Nei secoli XVIII e XIX, molte etnie dell'Africa occidentale hanno usato i disegni o altri tipi di mutilazioni facciali per riconoscere i componenti della propria famiglia in caso gli attacchi degli schiavisti avessero diviso i vari clan, ma anche per rendere meno appetibile la persona e quindi salvarla dalla schiavitù. Da questo si capisce che il disegno, o la mutilazione, hanno sia il compito di permettere un'identificazione, che quello di rendere indesiderabile la persona ai membri di un gruppo ostile.

La funzione delle cicatrici ornamentali in campo religioso è accertata in molti casi. Tra i popoli che seguono il vudù – area geografica comprendente Nigeria, Ghana Togo, Benin, e aree limitrofe – l'appartenenza ad una ‘casa' del vudù è data anche dal disegno che compare sul corpo dell'iniziato. Quando le cicatrici hanno un ruolo nei riti di iniziazione, è chiaro che hanno anche un significato religioso. L'iniziato viene inserito nel cosmo dell'etnia, impara le regole che permettono il permanere dell'armonia cosmica e quindi le ferite presenti sul suo corpo indicano anche la sua comunione con Dio e con gli antenati. Presso molti popoli, la persona incaricata del sacro deve avere o il corpo integro – le cicatrici sarebbero un limite – o delle mutilazioni particolari che sottolineano il suo stato.

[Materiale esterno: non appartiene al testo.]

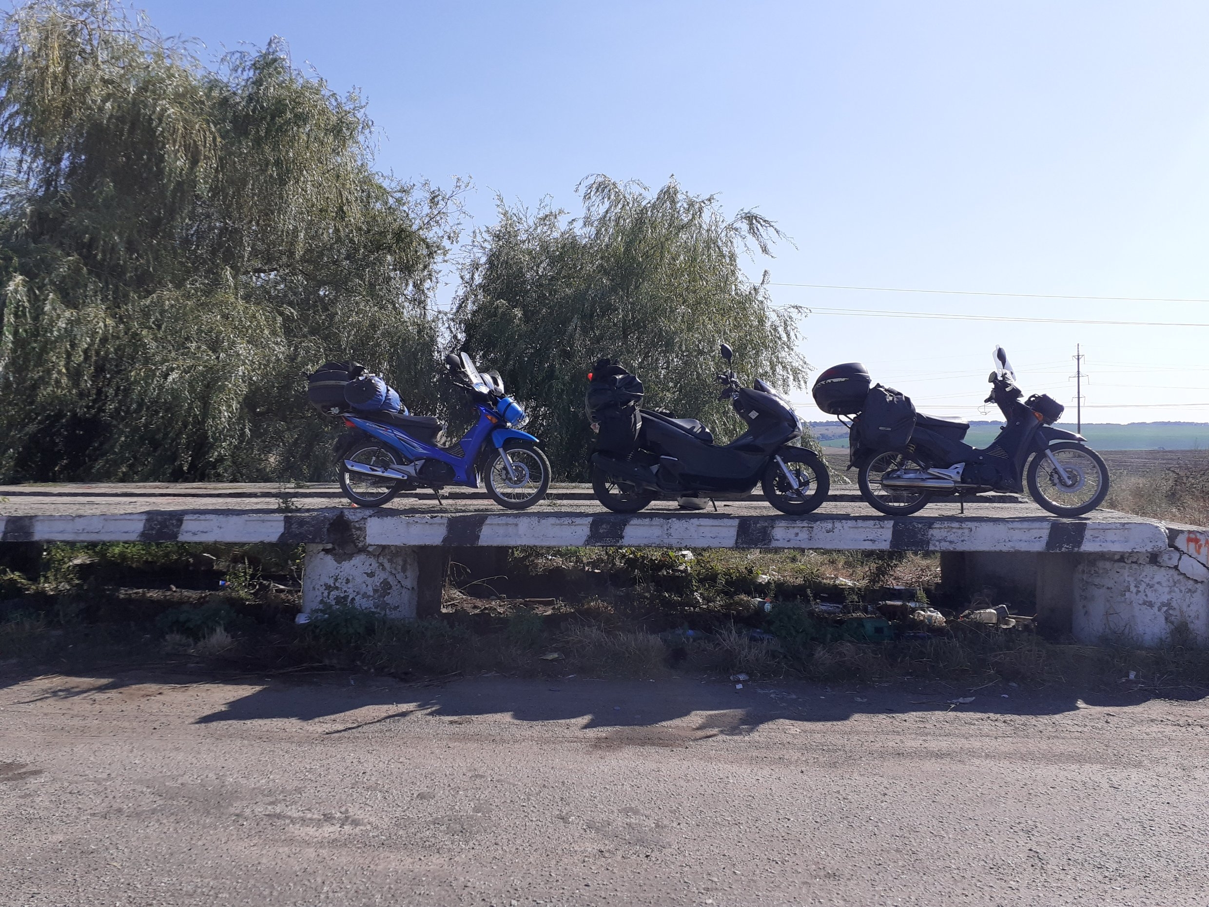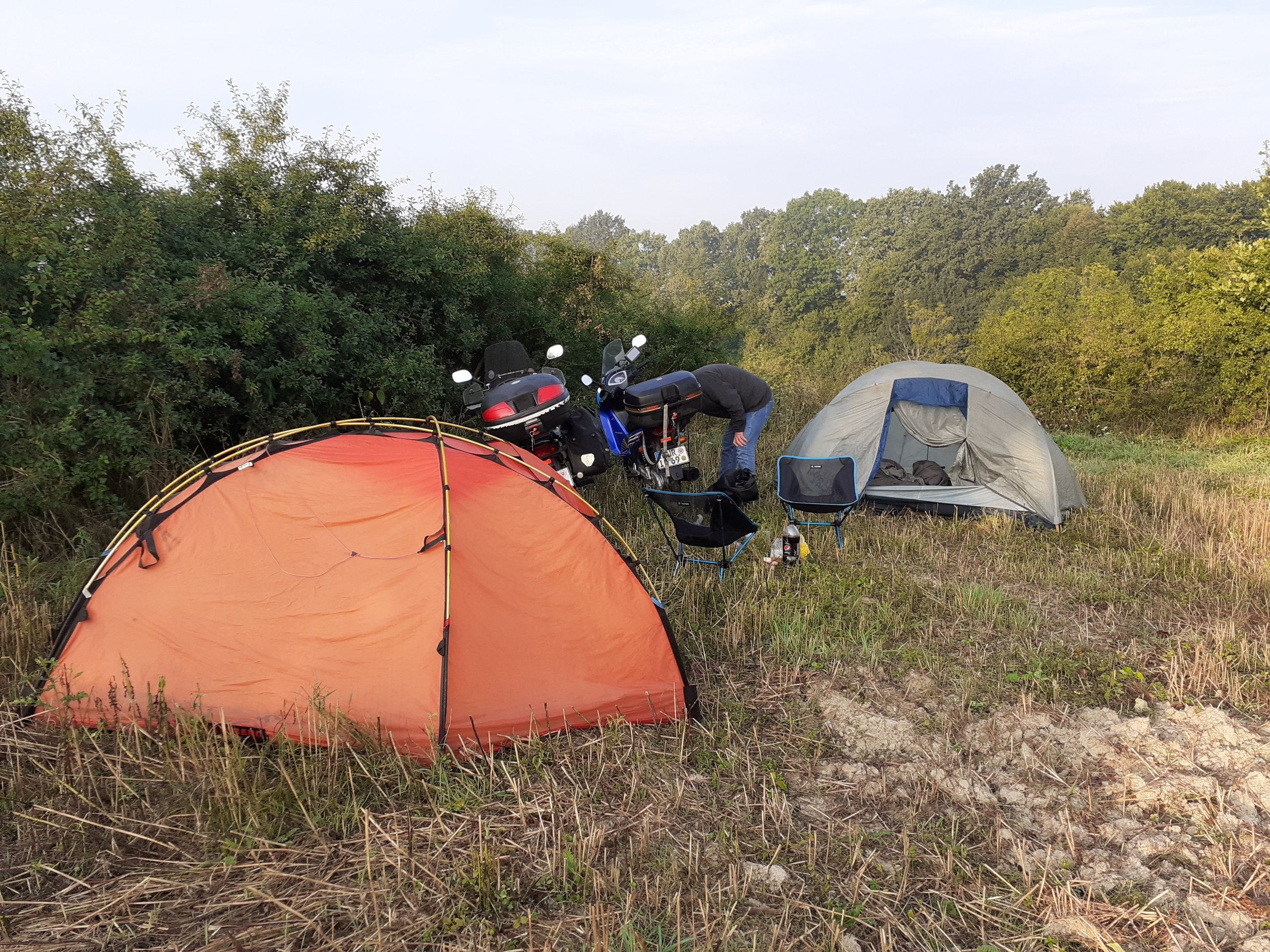Das gute Wetter haben wir schamlos ausgenutzt und sehr häufig einfach wild gecampt; manchmal mit, manchmal ohne Zelt. Besonders in der Ukraine lag von den frisch abgeernteten Weizenfeldern noch sehr viel frisches Stroh auf den Feldern. Da schläft man besser als in jedem ausgelutschten Hotelbett.

Presso i popoli dell'Africa occidentale, alcune medicine vengono somministrate al malato usando la cicatrizzazione. Le foglie inserite nella ferita hanno potere medicinale e faciliteranno la cura del malato. Altre volte, il succo vegetale a cui si dà un potere medico viene iniettato in una ferita prima della sua cicatrizzazione per poter essere assorbito da corpo del malato. In caso di bambini nati morti o morti subito dopo il parto, gli yoruba praticano tre ferite sulle spalle. Quando questi bambini si riencarneranno, alla nascita verranno riconosciuti e curati prima che muoiano nuovamente. In Togo, pazienti sofferenti di epilessia vengono curati con la produzione di cicatrici sulla fronte o in altri luoghi della testa privi di capelli. Si crede che questo possa rimuovere la malattia. Lo stesso viene fatto da altri popoli per curare la psoriasi, dermatiti che portano alla scolorazione della pelle, malattie dell'apparato respiratorio, ecc.

Pur non rientrando nel campo delle cicatrici ornamentali, è bene ricordare che la modificazione del corpo per motivi sociali o religiosi è ampiamente praticata in tutta l'Africa. Quasi tutti i popoli pastoralisti dell'Africa orientale prevedono il taglio dei lobi dell'orecchio e il progressivo allargamento del foro praticato. I lobi possono essere abbelliti con perline o orecchini. Questo è tipico tra i masai, pokot, karamojong, e altri popoli. Le labbra possono subire un simile trattamento. In questo caso, un pezzo di legno di misura sempre più grande viene posto nella ferita per allargarla. Tra i gruppi nilotici alcuni si perforavano la carne sotto il labbro inferiore, il buco veniva poi chiuso con un tappo di legno o corno. Tra i kalenjin del Kenya, ma anche tra altri gruppi pastoralisti, uno o due denti di un adulto vengono tolti, per poter alimentare la persona in caso di paralisi tetanica (questa almeno è la spiegazione popolare). A questa lista vanno aggiunte altre mutilazioni: sessuali (circoncisione, mutilazioni sessuali femminili), del naso, dei piedi; e modificazioni corporee: modificazione del cranio con fasciature strette praticate sin da bambini (Congo nord-orientale).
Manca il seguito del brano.